Rougon was sitting quite still, his hands clasped upon his legs and his head resting against the mahogany desk. At the outset of the discussion his shoulders had seemed to sink lower than before, but when the first speaker rose to reply, he raised his big frame without actually getting on to his feet, and said in a husky voice: 'The honourable member who reported upon this measure forgot to mention that it has also received the approval of the Minister of the Interior and the Minister of Finance.'
Then he let himself drop again and resumed the attitude of a drowsy bull. A slight murmur ran through the Chamber, and the deputy who had risen to reply sat down with a low bow. The bill was passed, and those members who had shown any interest in the debate once more assumed an expression of indifference.

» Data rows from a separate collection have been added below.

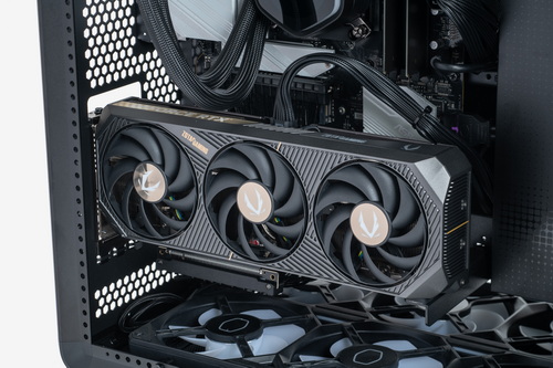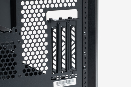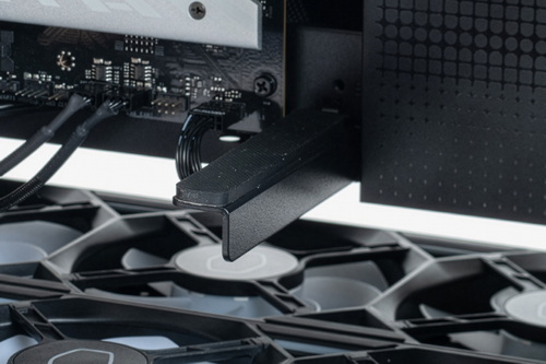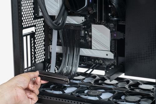 また、ケース背面側には標準的な拡張カード用ブラケットの口が開いておらず、ビデオカードは垂直設置専用の構造だ。まさに「見せる」をメインテーマとしたケースならではと言える思い切った設計だ。マザーボードとビデオカードをつなぐPCI Express 5.0 対応のライザーケーブルが付属しており、最新世代のGPUを利用する際でもパフォーマンスへの影響は最小限にとどまる。実際に試してみたところ、ベンチマークテストのスコアにはほとんど影響が見られず、よほどシビアに意識するのでなければ、ほぼ気にする必要はない、もしくは見た目とのトレードオフと割り切れる範囲、と言ってよさそうだ。
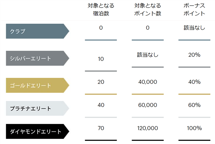 | 加算対象の宿泊または加算対象のポイント | 10 | 20泊または40,000ポイント | 40泊または60,000ポイント | 70泊または120,000ポイント | |
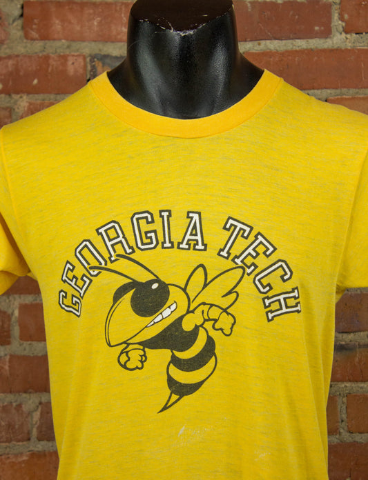 Vintage 80s Georgia Tech Hornets Yellow Graphic T Shirt Medium
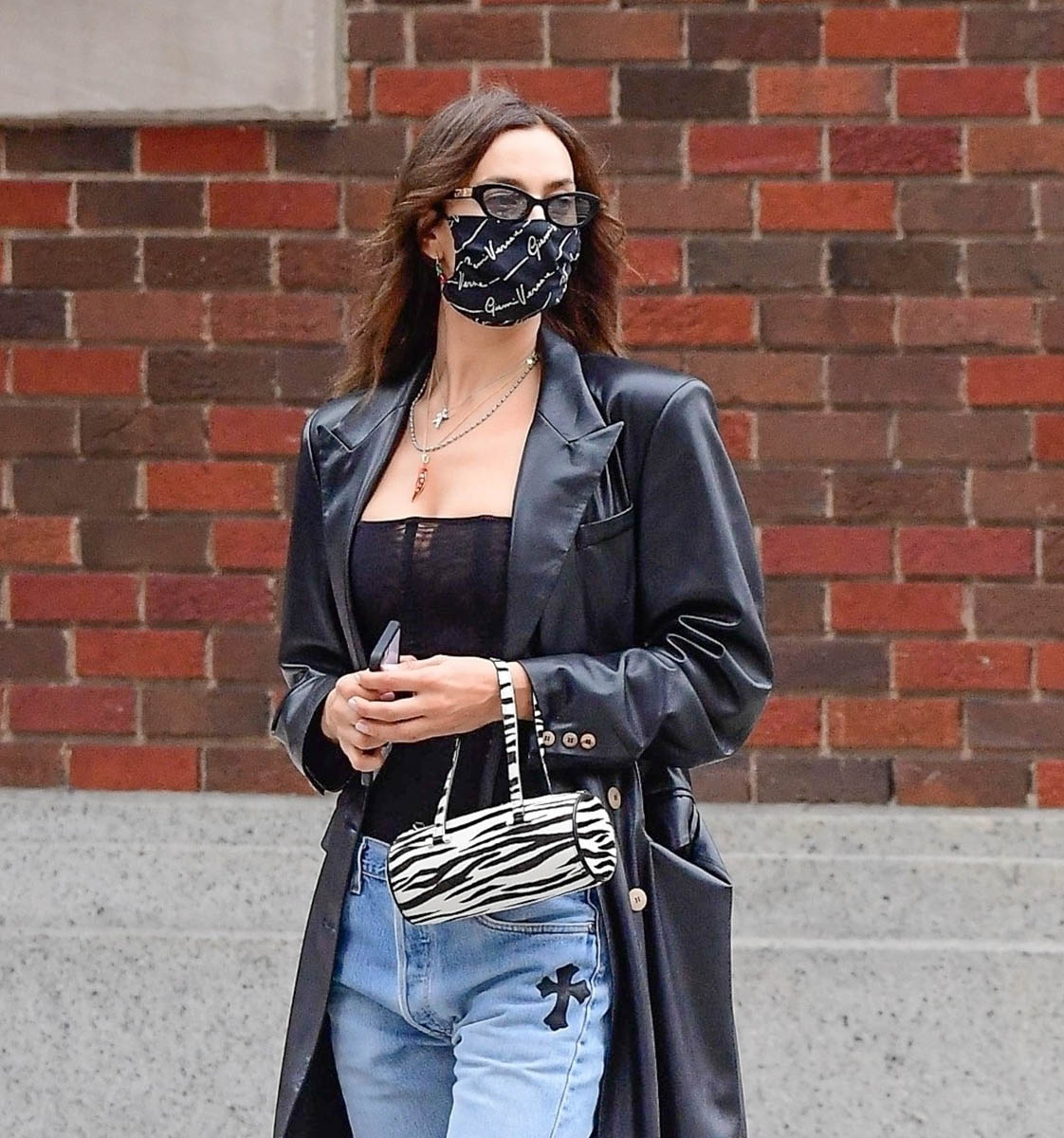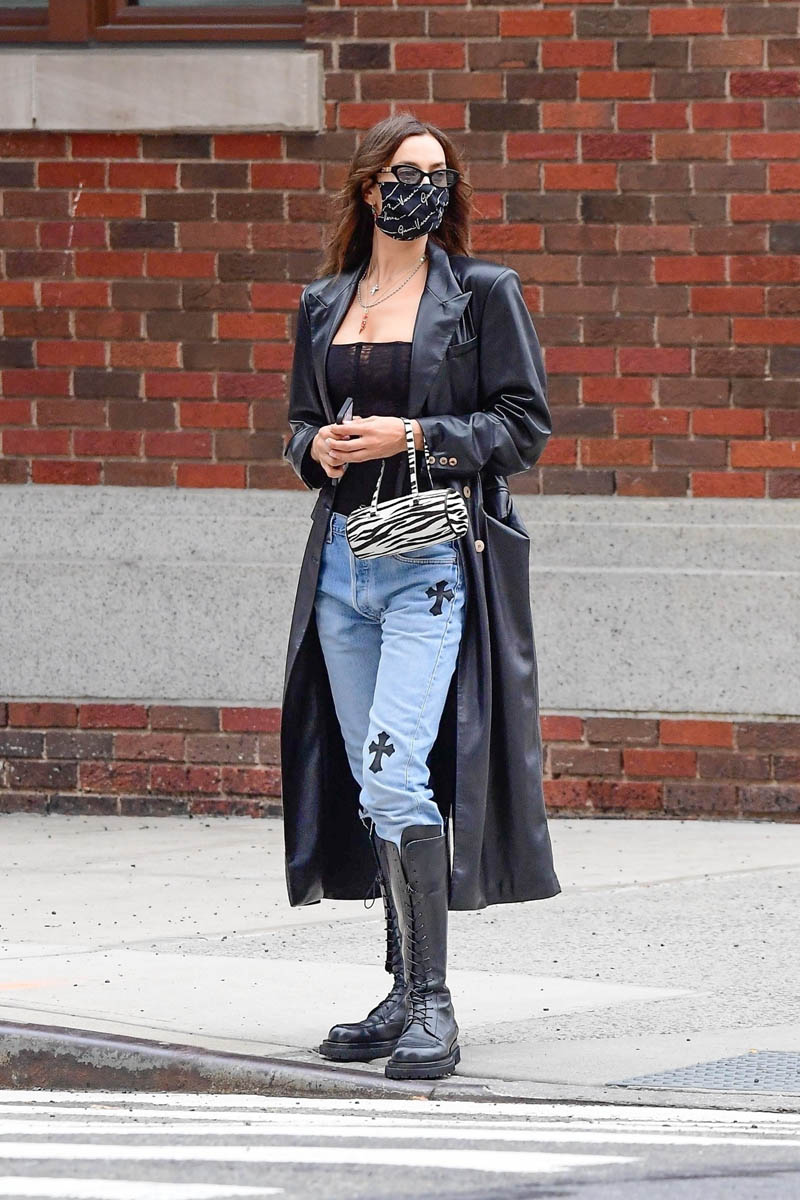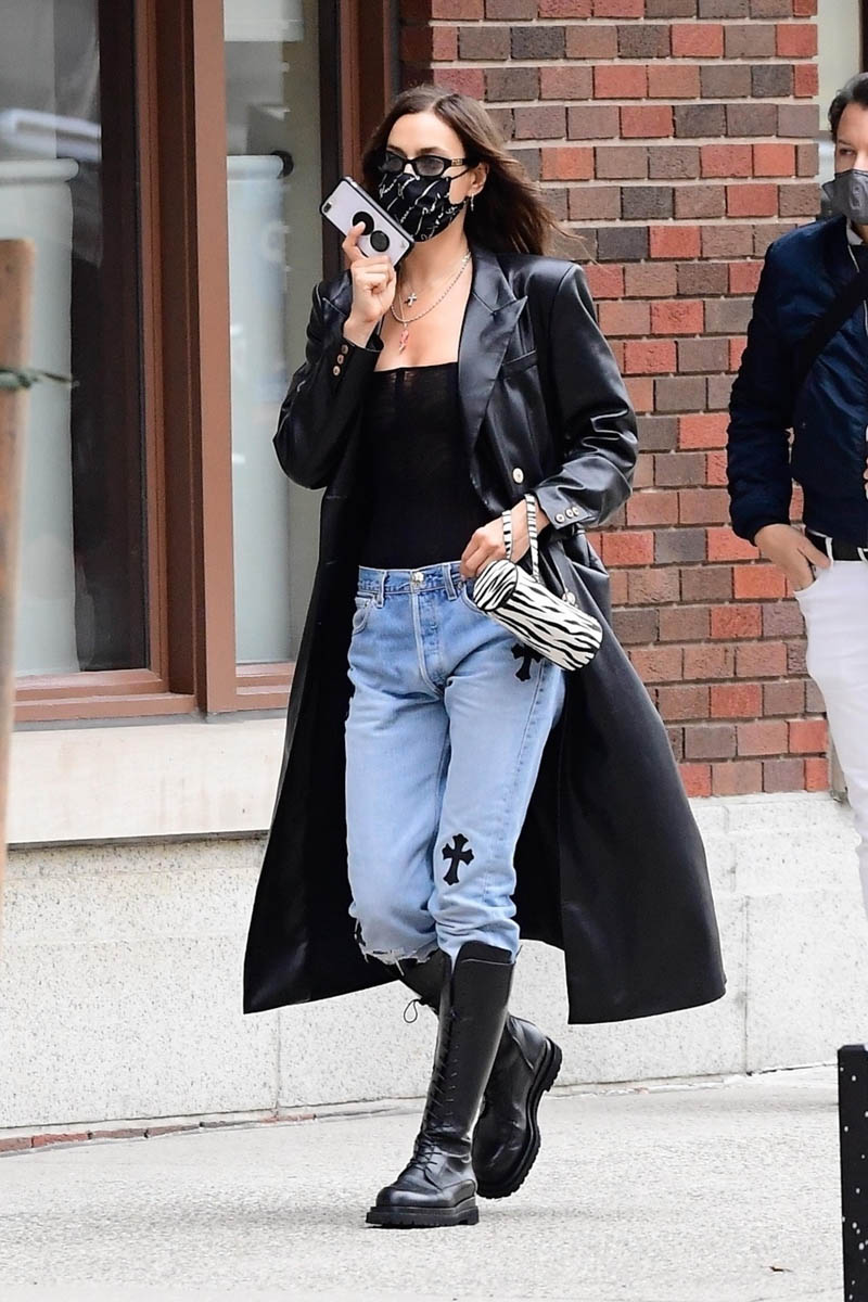 Earlier this week I linked to an outfit on Irina Shayk that, in spite of myself, I couldn’t help but want. This time it’s a definite pass. But I’m curious what she was vibing when she put this together. It’s a black leather trench coat, black knee-high combats, baggy jeans, and a corset style bodysuit. All of it put together, it’s almost like a costume from a spy movie. Mr and Mrs Smith comes to mind. (Go Fug Yourself)
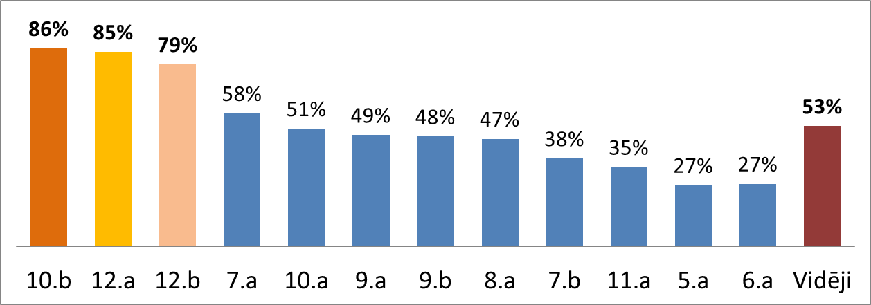 Janvāra 4.nedēļas konkursā skolēnu zināšanas tika pārbaudītas aktuālajās norisēs ekonomikas, poltikas un kultūras jomās. Prieks, ka visi skolēni, kuri piedalījās, atbildēja uz jautājumu, kādam notikumam notika 25 gadu atcere – Barikāžu laika notikumiem. Apsveicu 12.a klasi ar 1. vietu, tāpat jāuzslavē 10.a un 9.a klašu skolēni! Pārējie rezultāti ir redzami diagrammā!
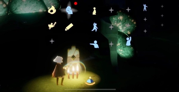 石碑旁的先祖商店,用蜡烛兑换动作、用爱心购置装扮、用乐器合奏旋律;侧方换装室,则让你从裤装、面具、发型到斗篷、饰品,细细雕琢属于自己的云中形象。
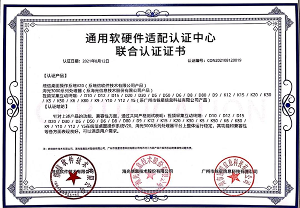 統(tǒng)信認(rèn)證證書(無線視頻展臺、視頻采集終端)
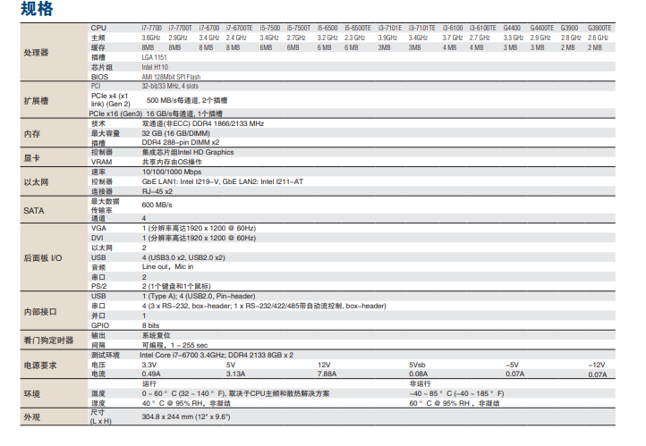 产品分类:工业级母板1、Intel®第六/七代Core™ i7/i5/i3/Pentium®/Celeron®处理器2、双通道 DDR4 1866/2133 ,高达32GB3、 支持VGA和DVI显示 支持SATA3.0, USB3.0, 双GbEs4、 支持5个RS-232和1个RS-232/422/485串联端口4、 1个PCIe x16 (Gen3)和2个PCIe x4 (x1 link), 和4个PCI 扩展口
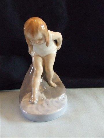 Royal Copenhagen Figurine Bathing Girl No 1229. Designed by Christian Thomsen. Measures 14cm x 8cm and is in good condition. We have 2 variants in stock.

Rougon had spoken. From one section of the gallery to another Colonel Jobelin exchanged glances with the Charbonnels, while Madame Correur made ready to leave her place, just as she would have quitted her box at the theatre before the fall of the curtain, if the hero of the play had delivered his last speech. M. d'Escorailles and Madame Bouchard had already taken their departure. Clorinde stood by the velvet-covered balustrade, her majestic figure showing conspicuously as she slowly wrapped her lace shawl about her, glancing round the deputies' seats as she did so. The rain was no longer beating down upon the window, but the sky remained overcast. The mahogany desks looked quite black in that sombre light, and a shadowy mist streamed over the seats, which the bald heads of some of the deputies lighted up here and there with patches of white. Against the marble-work below the vague, pale allegorical figures, the President and the clerks and ushers, all in black and ranged in a line, showed like the stiff silhouettes of a shadow-pantomime. The whole Chamber became blurred in the suddenly waning light.
'Oh, come along!' exclaimed Clorinde, pushing her mother out of the gallery; 'it is enough to kill one in here!'
She quite startled the drowsy ushers in the corridor by the strange fashion in which she had twisted her shawl round her hips.
When they got downstairs into the hall the ladies met Colonel Jobelin and Madame Correur.
'We are waiting for him here,' said the colonel. 'Perhaps he will come out this way. But in any case I have signalled to Kahn and Béjuin to come and give me some information.'
Madame Correur stepped up to the Countess Balbi. 'Ah! it would be a great misfortune,' she said in a disconsolate voice without attempting to explain her meaning.